Another advance in sheet metal was made in 1829 in England, as the corrugating process was developed. Corrugated iron sheets were stiffer than regular sheet iron. They revolutionized metal roofing as they allowed for the material to be installed over a greater span and a lighter frame and put less stress on the overall structure of the building. These advances meant that metal roofing took less time to install and reduced labor costs.

Metal roofing came into prominence in the middle of the Victorian era. Galvanized steel sheet metal was invented in the 1830s in France but wasn’t used as a roofing material until the 1850s. This process, which used a coating of zinc over the base metal, protected the material from forming rust and increased its viability for long-term roofing use. Once the galvanization process was introduced, builders realized that there were many ways to use the revolutionary product. The galvanization process protected the steel from environmental corrosion, making it an ideal choice for use in many areas, including roofing. Once metal roofs were introduced, they quickly gained popularity for their unique aesthetic and durability. In addition to homes, galvanized metal roofs were a popular choice for agricultural and industrial buildings.

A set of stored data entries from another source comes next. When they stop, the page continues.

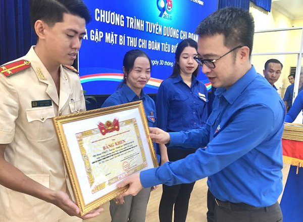 Anh Nguyễn Tường Lâm, Bí thư Trung ương Đoàn, Phó Chủ tịch Thường trực Trung ương Hội LHTN Việt Nam trao bằng khen của Ban Bí thư T.Ư Đoàn cho các Chi đoàn mạnh tiêu biểu toàn quốc. TRẦN NGỌC |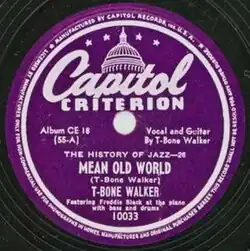 T-Bone Walker began performing "Mean Old World" when he was with Les Hite and His Orchestra from 1939 to 1940.[3] After leaving Hite's band, Walker continued to develop and refine his style on the Los Angeles club circuit. On July 20, 1942, he recorded "Mean Old World" for Capitol Records.[4] The song was performed in the West Coast blues style, with a small combo of pianist Freddie Slack, bassist Jud DeNaut, and drummer Dave Coleman accompanying Walker on vocal and guitar. "Mean Old World" "showcased T-Bones's new, and already developed, style, in which he answered his smoky, soulful vocal phrases with deft, stinging, jazz-inflected lead lines on his electric guitar".[2] Capitol released the song in November 1945, with "I Got a Break, Baby", as the third disc in a five 10-inch record collection "The History of Jazz, Volume 3: Then Came Swing" (Capitol Criterion CE 18).[5] Capitol later issued it as a single in 1947 (Capitol 15003).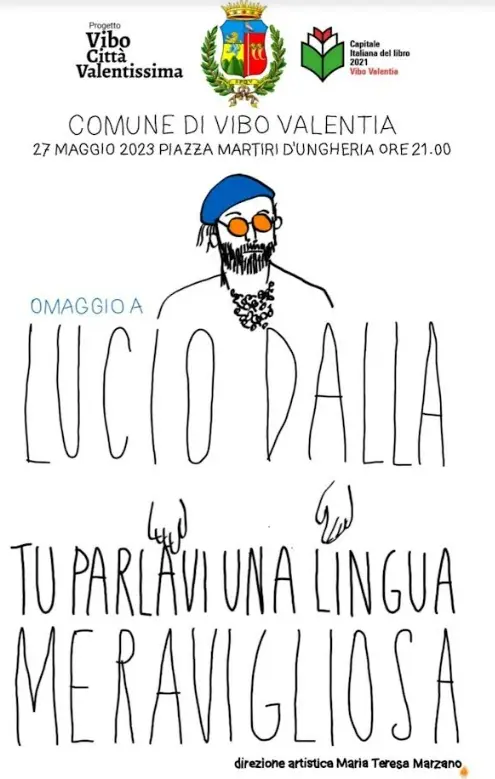 Dopo il tributo a Lucio Battisti, Vibo Valentia si prepara ad un’altra serata in musica aperta a tutti e gratuita. Sabato 27 maggio, alle ore 21 in piazza Martiri d’Ungheria, un altro appuntamento organizzato dall’amministrazione comunale guidata dal sindaco Maria Limardo. È la volta di “Tu parlavi una lingua meravigliosa”, un omaggio a Lucio Dalla, che ancora una volta si articolerà in un concerto a più voci con artisti e musicisti provenienti da diverse parti della Calabria. A promuovere l’evento, gli assessorati alle Attività produttive e alla Cultura, diretti rispettivamente da Carmen Corrado e Antonella Tripodi, col supporto del delegato allo Spettacolo Antonio Schiavello.

Just like clay roofing materials, metal roofs were resistant to fire, mold, and insects. In addition to the strength of metal roofs, their low cost and lightweight made them the premier choice for roofing at the time. These metal roofs proved to be some of the strongest of the time, with a typical lifespan of around 70 years. Many metal roofs installed at the time are still in existence today. The biggest threat to Victorian metal roofs was impact damage, but the most harm this inflicted in most cases was denting in the roofing material.

In the later part of the Victorian era, homeowners who could afford the luxury of slate roofs started using this roofing material that had been around since the 17th century. Although slate is one of the strongest roofing materials ever developed, it comes at a hefty price, and homeowners who wanted an appealing look and great durability without the expense continued to use metal roofing to complement the architectural aesthetic of their Victorian homes.

Post-Victorian Use

After metal roofing rose to prominence in the Victorian era, builders and homeowners continued to use the material due to its durability, longevity, and versatility in design style. It is one of the most popular choices among homeowners today. Although asphalt shingles became the primary roofing choice in the 20th century, many modern homeowners in Indianapolis are going back to this revolutionary material because it stands up to the elements and doesn’t need to be replaced as frequently as asphalt roofs. Homeowners are attracted by the variety of styles and colors available, as well as the prospect of never needing a roof replacement again in the time they are in their home.

Since the advent of metal roofing, advances have been made that offer a vast range of homeowner options. Metals that can be used for roofing include stone-coated steel, stainless steel, corrugated galvanized steel, silicon-coated steel, aluminum, zinc, and copper. Technological advances have also improved the material’s viability against sun exposure and rust, as new surface layers add to the strength of the products.

In addition to the durability of metal roofs against the elements and their resistance to fire, insects, and mildew, many homeowners today choose this roofing material for its energy-efficiency and environmental friendliness. Since metal roof coatings are highly reflective of the sun’s rays, it is easier to keep a home cool, which places less stress on home cooling systems. This equates to lower utility bills for many homeowners. They can also be placed right over the top of old roofing materials, saving money on installation, and keeping asphalt shingles from going to the landfill. On top of that, when metal roofs reach the end of their lifespans, they are completely recyclable. These benefits all work together to make metal roofing the choice of the future, with a history that spans centuries.